The GVI were categorized into four vulnerability classes namely low, medium, high and very high. The most accurate map was obtained by comparing the different classification methods proposed by the GIS (quantile, natural breaks, geometrical interval, and equal interval), using the Spearman rank correlation (ρ) and one-way ANOVA, between the vulnerability classes and the observed NO₃⁻ concentrations. All the statistical tests were carried out by R Software.

Results and discussion

Random forest results

Accuracy of the random forest

Figure 7 shows the error computed as function of the number of trees, for each explanatory variable randomly sampled (m_try) at each node, using the RF1 model. From this result, it can be observed that the error decreased when more trees are used. In fact, from 2000 trees, the error of each m_try was low and stable. The same result observed for the other m_try used. However, the m_try that computed the lowest error was 4, which is consistent with that recommended by Breiman (2001). Furthermore, the mean error value obtained was 0.1100, with a minimum and maximum values of 0.1091 and 0.1545, respectively.

Selection of the most important explanatory variables

The variable importance of the RF model is a particular output indicator of the relative contribution of each input variable in the prediction result. The comparison of variable importance was based on MDE (% increase in MSE) and the mean decrease in the GINI (% Increase in node purity). The importance of each explanatory variable is presented in Fig. 8. The high value indicates that the variable is more important.

As shown in Fig. 8a, the relative increase in MSE obtained was relatively high for all explanatory variables. It varies between 55 and 130.3%. This finding indicates that all explanatory variables selected are considered to be controlling factors to groundwater NO₃⁻ pollution. Nevertheless, rainfall, sand, clay, piezometric level, organic matter, and lithology are the most important explanatory variables. The same result was obtained using the mean decrease in GINI (Fig. 8b) with different importance ranks.

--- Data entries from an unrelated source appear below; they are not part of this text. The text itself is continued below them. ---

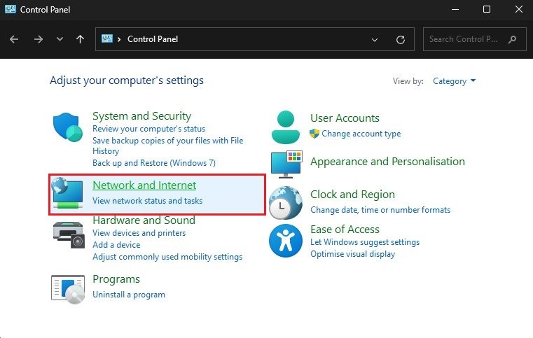 如果網速緩慢問題仍然存在,您應該重置網絡連接。打開你的控制面板。確保查看方式: 類別並點擊網絡和互聯網。
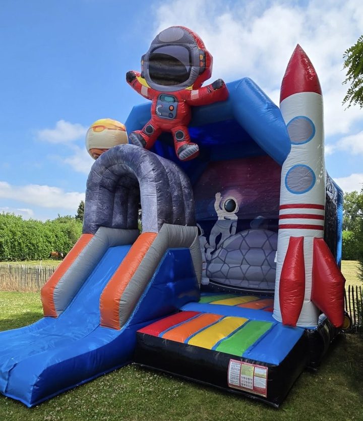 Embarquez pour une aventure intergalactique avec notre château gonflable sur le thème de l’espace ! Parfait pour les petits astronautes en quête de sensations, ce jeu coloré et dynamique invite à sauter, grimper et explorer comme dans une mission spatiale.
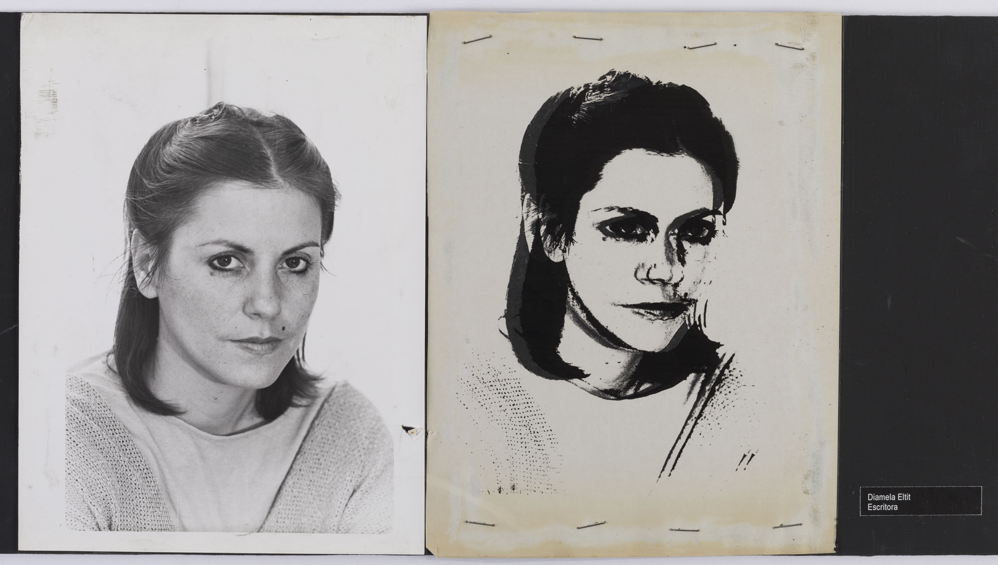 Fotografía en blanco y negro, de formato horizontal. Composición en base a díptico con dos retratos idénticos de una figura femenina de busto. La mujer viste polera clara y dirige la mirada al frente. El fondo es claro y la iluminación es frontal. En la segunda imagen observamos el retrato duplicado en negro sobre un fondo claro.
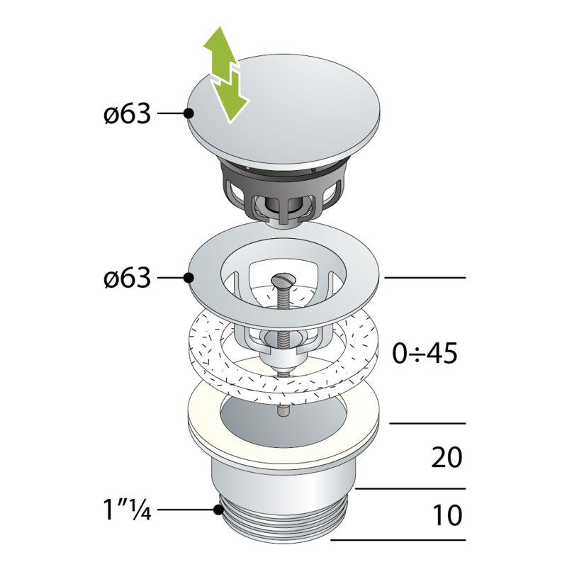 Umývadlová výpusť 5/4“, click-clack, veľká zátka, 10-45mm, biela mat 7532.310.5XD 58943
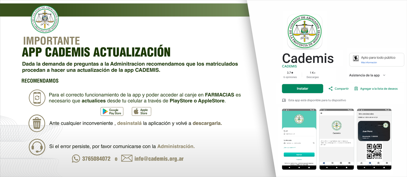 Para acceder correctamente a los Reintegros en farmacias, recuerden mantener actualizada la App CADEMIS desde su tienda de aplicaciones.
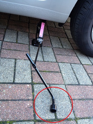 Dann die Wagenheberkurbel in den Wagenheber einhängen. |
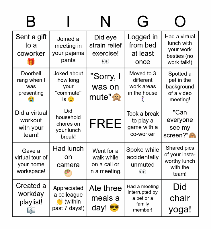 This bingo card has a free space and 24 words: Created a workday playlist! πΌ, Had lunch on camera π₯, ''Sorry, I was on mute"π, Had a meeting interrupted by a pet or a family member!, Had a virtual lunch with your work besties (no work talk!), Sent a gift to a coworkerπ, Joined a meeting in your pajama pants, Did eye strain relief exercise!π, Took a break to play a game with a co-worker, ''Can everyone see my screen?"π, Did a virtual workout with your team!, Joked about how long your ''commute'' is π, Spoke while accidentally unmuted π, Shared pics of your insta-worthy lunch with the team!, Doorbell rang when I was presenting π, Appreciated a colleague π (within past 7 days!), Ate three meals a day! π, Logged in from bed at least once, Spotted a pet in the background of a video meeting!, Gave a virtual tour of your home workspace!, Did household chores on your lunch break!, Went for a walk while on a call or in a meeting., Moved to 3 different work areas in the houseπΆπ»ββοΈ and Did chair yoga!.
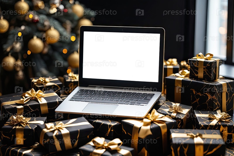 Ноутбук с белым экраном макет на столе в офисе рождественского декора с подарочными коробками для сотрудников, магазины, корпоративные подарки, Черная пятница,
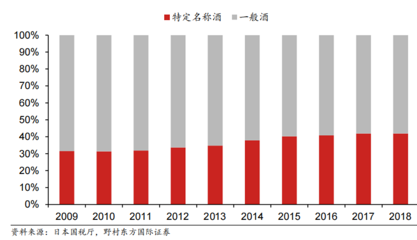比如在政策端,对酒的税收体系进行调整,酒税由从价税,改为从量税。从价税是越贵的酒税越重;从量税是酒精含量越高税越贵。而清酒常见的度数为 15 度左右,同样的价格的清酒、税收要比威士忌低很多,使高端清酒对比威士忌更具价格优势,为高端清酒的兴起奠定基础。
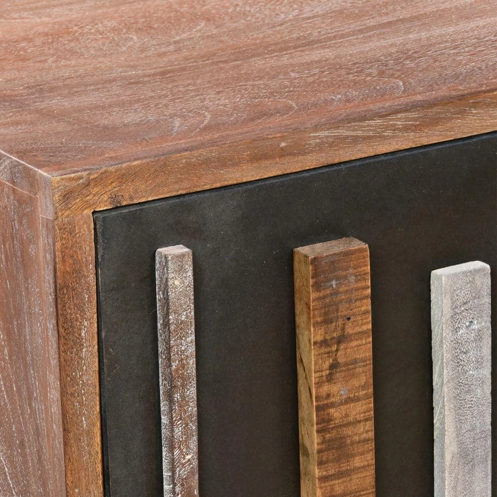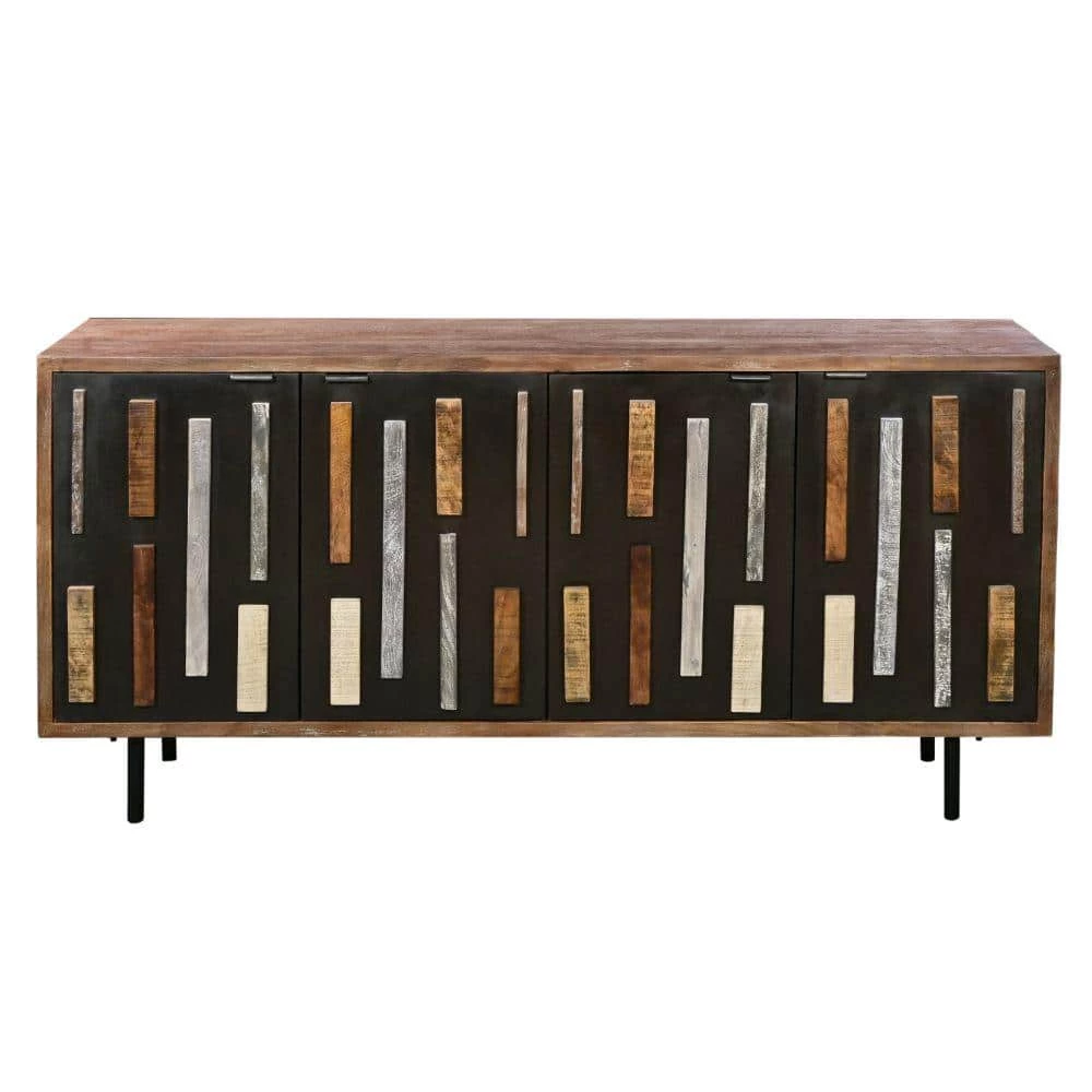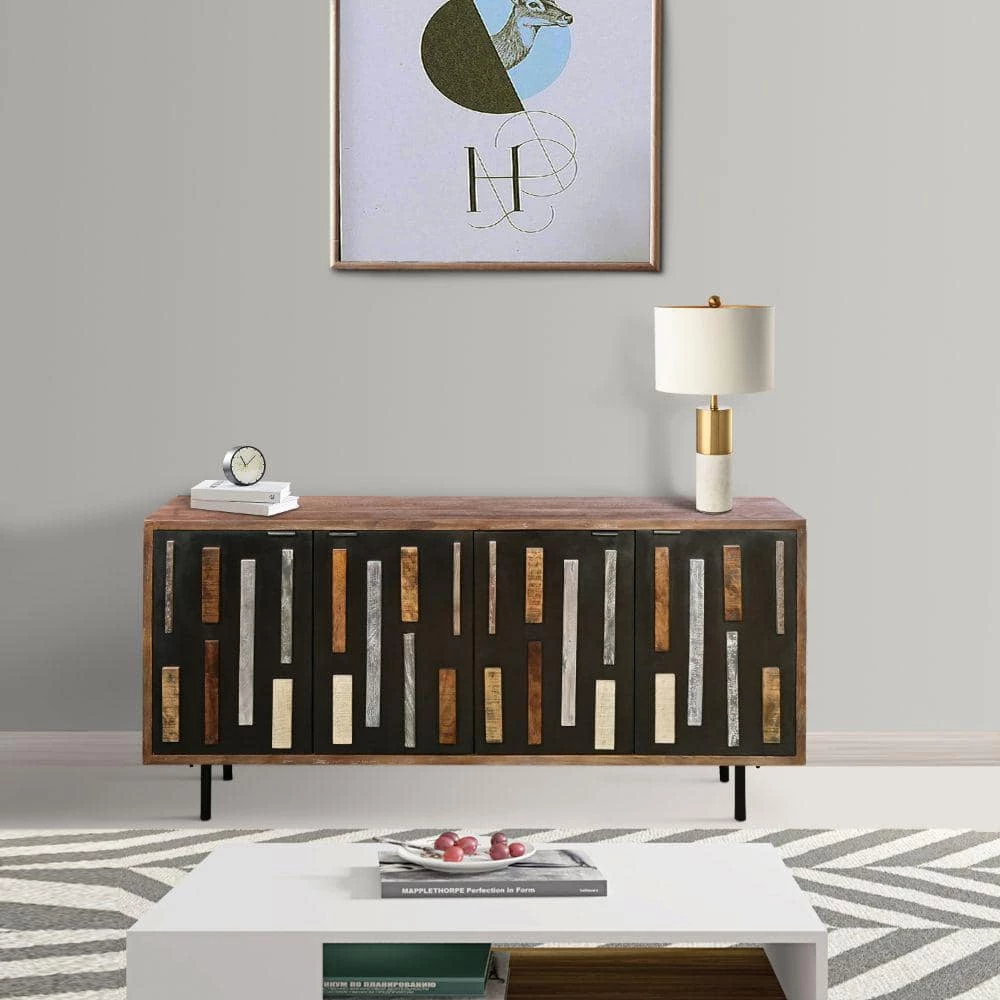 Contemporary in design, this wooden sideboard buffet storage cabinet with doors is the epitome of quality craftsmanship and unique style. Featuring plenty of space with 4-soft closing doors, the multi tone molded trim details grant a riveting edge to its overall look. Handcrafted from the water resistant mango wood and sturdy iron frame for lasting use, the grayish brown tone finish compliments its clean lined appeal. With a wide rectangular top, which offers plenty of space for hand curated decorations, vases, showpieces, and more, it is supported on sturdy tubular legs. Designed with perfection, it can be used to keep your crockeries, table linens, mason jars and other kitchen items organized.
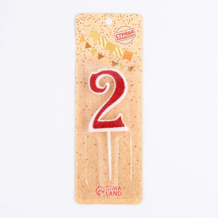 Свеча в торт на шпажке «Рубиновая коллекция», цифра 2, 5.2 см, рубиновая
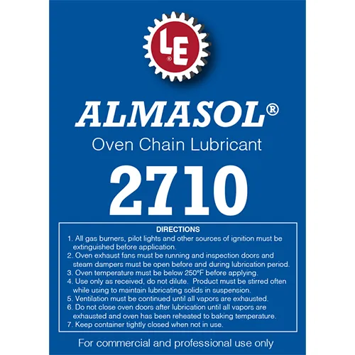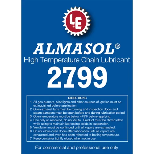 Wysokiej jakości smar do łańcuchów wysokotemperaturowych zawiera ALMASOL® i inne submikronowe stałe środki smarne rozproszone w specjalnym syntetycznym nośniku wysokotemperaturowym. Nadaje się do stosowania na rozgrzane łańcuchy bez przerywania produkcji. Stosowany zgodnie z zaleceniami, środek wnika we wszystkie ruchome części, pozostawiając warstwę ochronną stałych środków smarnych, które ulatniają się bez śladu w wysokich temperaturach. Nie tworzy gumy ani nie zwęgla się, zapewniając maksymalną migrację do sworzni łańcucha.
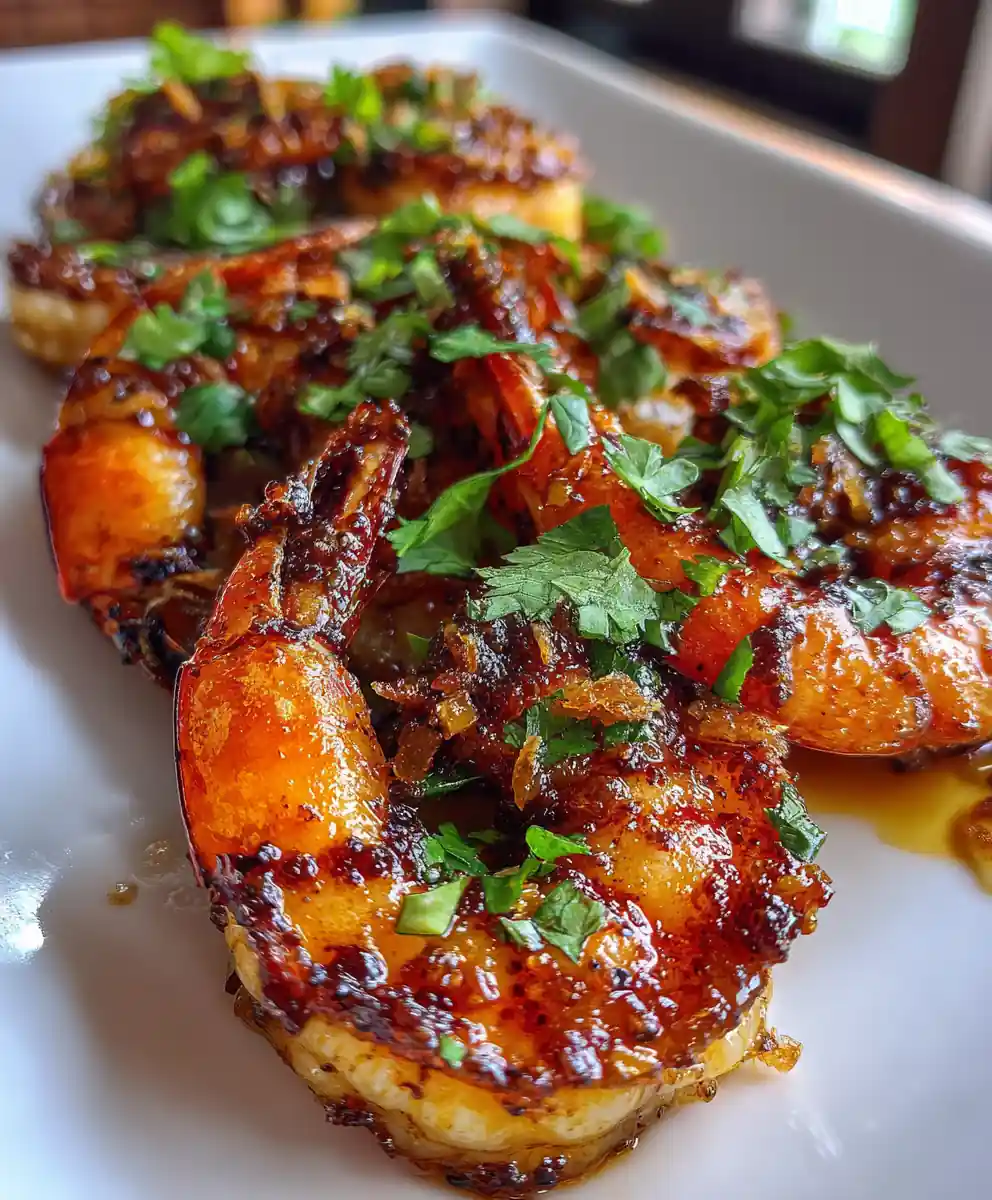 5. Plate and Serve: Arrange the cooked jerk shrimp on a warm plate. Generously drizzle the warm Tamarind-Lime Glaze over the shrimp, allowing it to pool slightly. Scatter the golden, crispy shallots evenly over the shrimp for wonderful texture and visual appeal. Finish with a sprinkle of fresh, vibrant green chopped cilantro. Serve immediately with lime wedges on the side for an extra burst of freshness.
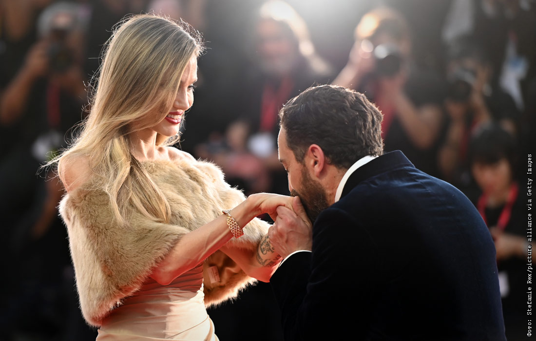 Актриса Анджелина Джоли и режиссер Пабло Ларраин во время премьеры фильма "Мария" на Венецианском кинофестивале
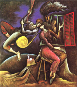 Τότε όμως δεν υπάρχει θέση παρά μόνο για τον πόθο που σιγά σιγά παροξύνεται σε πάθος. Το πρώτο τους φιλί δεν έχει την αθωότητα της αληθινής αγάπης, δεν γεννιέται από την «αφθονία της καρδιάς». Το αλλάζουν με τα μάτια ανοικτά, αφού το ζήτησε η Ζωή, κι όλα αντικειμενοποιούνται: «Είδε πολύ κοντά, απίστευτα κοντά και λοξά τα δυο της καστανοκίτρινα μάτια που του φάνηκαν αρπακτικά. Με το ένα του μάτι έβλεπε το ένα δικό της και με το άλλο το δεύτερο. Η Ζωή διατηρούσε την κυριαρχία της πάνω στα σφιχτά, πεπειραμένα χείλη της» (371-372). Βλέπει επί τέλους τα μάτια της Ζωής, μα είναι μάτια αρπακτικά. Αυτός είναι το αντικείμενό τους κι η λεία τους. Μα κι η δική του δράση έχει έναν παράξενο δυϊσμό – του λείπει το ενοποιητικό βλέμμα της καρδιάς. Ούτε ο άνδρας ούτε η γυναίκα δίνονται. Η Ζωή, με περίσσια πείρα, διευθύνει το παιχνίδι και χωρίς αμφιβολία κρίνει και συγκρίνει. Απέραντη μοναξιά τοϋ ερωτισμού. Μια διάλεκτος, μια τεχνική διαλέκτου, μα δεν υπάρχει κανείς για να επικοινωνήση. «Τα στόματα τους ενώθηκαν πάλι, γυρεύοντας κάτι να πάρουν το ένα απ’ το άλλο» (372). Κάτι να πάρουν, όχι να δοθούν.
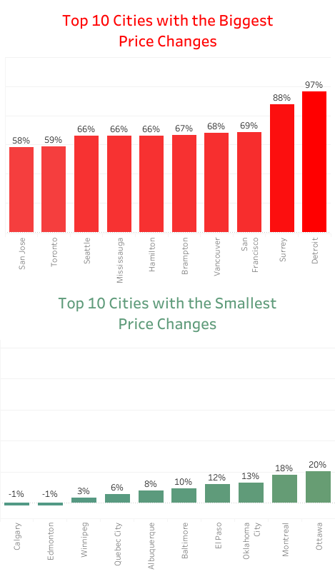 与5年前相比,只有两个城市的房价出现了下降,而且这两个城市都位于加利福尼亚州的阿尔伯塔:卡尔加里和埃德蒙顿。
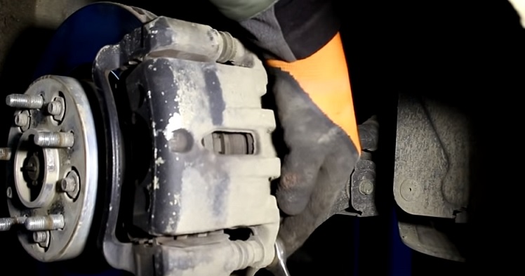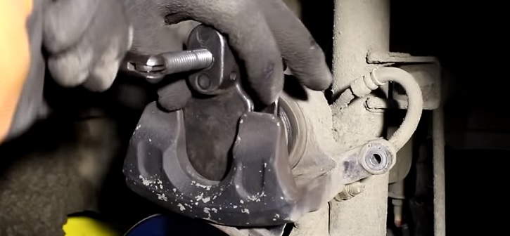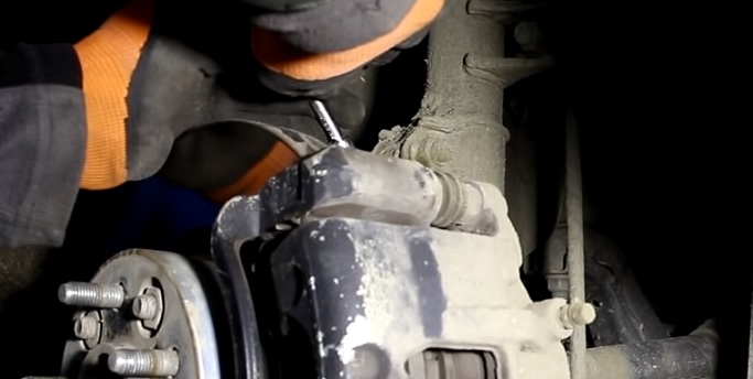 Ключом или головкой на 14 выкручиваем два болта крепления суппорта:
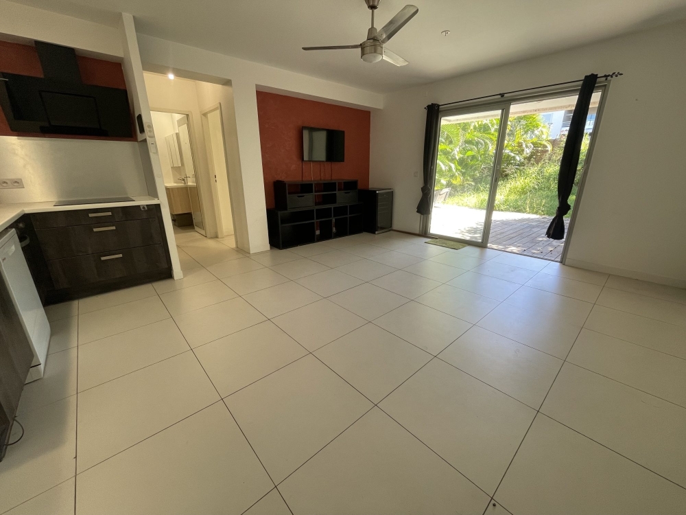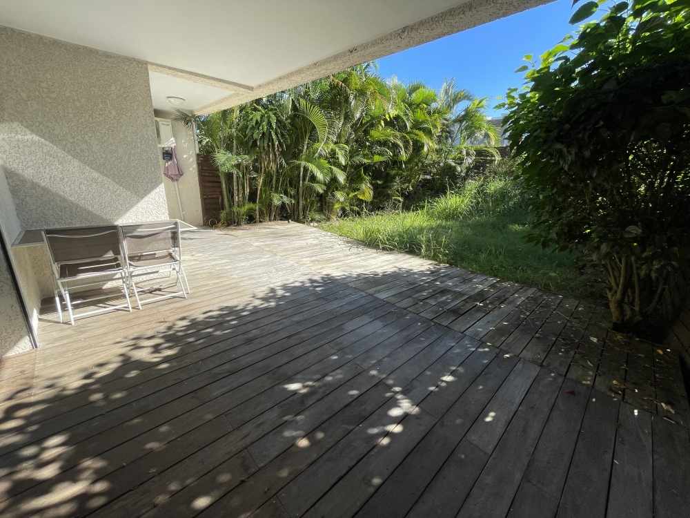 Situé en impasse dans un quartier calme de Koutio DUMBEA, à deux pas des des commerces et de toutes commodités, l'agence D'CLIC IMMO vous propose en exclusivité un spacieux appartement de type F2 en rez de jardin aux prestations modernes, très calme et sans vis à vis de 44.81m² habitable + 19m² de terrasse + 65m² de jardin + 3 places de parking privatives et sécurisées, dans la résidence sécurisée « LE BARY 2 », datant de 2018, très bien entretenue.
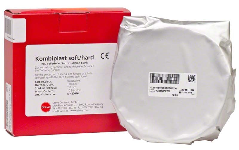 Materiale termoformabile a due strati altamente trasparente in PETG ed EVA. Per bite occlusali ad alto comfort grazie alla superficie rigida e al lato interno morbido.

According to the MDE results, the rainfall has the highest importance in GVI prediction, followed by sand and clay contents, with a value of 130, 118, and 116%, respectively. These results can be explained by the fact that rainfall contributes to groundwater recharge and therefore contributes to the NO₃⁻ leaching. Indeed, the areas where NO₃⁻ concentrations are high are located within areas containing high soil sand content, mainly in the central and western parts of the basin. Regarding clay importance, the result can be explained by its capability to protect groundwater against NO₃⁻ contamination due to its high retention capacity. The piezometric level was considered also as an important variable with a value of 115%. Concerning the importance of the organic matter, the result shows that the increase in MSE was 103.5%. This finding suggests that groundwater may receive high loads of organic nitrogen. NO₃⁻ leaching increases as a result of high mineralization in the case of high soil organic matter content (Hoffmann and Johnsson 1999; Kulabako et al. 2007). The same importance value was observed for lithology. However, the silt, CaCO₃, C/N and altitude have revealed medium importance. In contrast, land use, slope, hydraulic gradient, and soil classification are the less important parameters, with values of 54.91, 72.86, 76.81, and 76.82%, respectively.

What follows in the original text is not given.